What does this mean in the larger social spectrum? The stresses of dowry lead to the substantial collective preference of having sons to daughters. Young men are assets and young daughters become liabilities. And what does this preference then infer?…female infanticide and sex-selective abortion. According to the Asia
Observer, parents are encouraged by unsavory medical practitioners who advertise their abortion services with the claim that 6,000 rupees (about $120 USD) paid today to abort a female fetus is cheaper than paying a lot more later for a dowry.

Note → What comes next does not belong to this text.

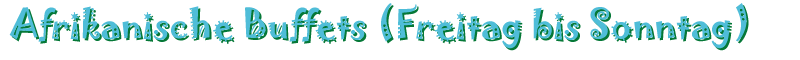 Auch wenn die Hauptspezialität des Hauses Ostafrikanische Speisen sind, gehören auch klassische Gerichte (wie z.B. Pasta) und andere afrikanische Gerichte zu unserem Speiseplan. Auf Wunsch stellen wir Ihnen auch ein besonderes Menü zusammen. Wir weisen auf unser vielfältiges Sonntagsbuffet hin.

The Dowry Prohibition Act of 1961 made the giving or taking of dowry illegal in India, punishable by a prison term and a fine, but the formal law has had little effect on the operation of the customary law
The Lovin’ Soap Project has been in Anupshahr, India in the state of Uttar Pradesh from March 18th – April 1st, teaching and training a group of women in a small village.
Our Future
We are optimists. We have to be. Again, this is why you are reading this in the first place – because you care enough to make a difference. Ending violence and oppression against women and girls is within our reach. We can make a giant difference in the lives of the women that we teach, which sets up more learning onto their sons and daughters as time goes on. The Lovin’ Soap Project’s vision for a secure, satisfying and peaceful world is one in which women and girls are free from violence and abuse. Moreover, it is one where women and girls are free to thrive as equals. We can do this in a variety of ways as a people. Our way is through the artisan craft of soapmaking. This is what we are here to do. This is our purpose. We thank you so much for taking the time to read, contribute and spread the word. We cannot do this without you. You are ‘We’.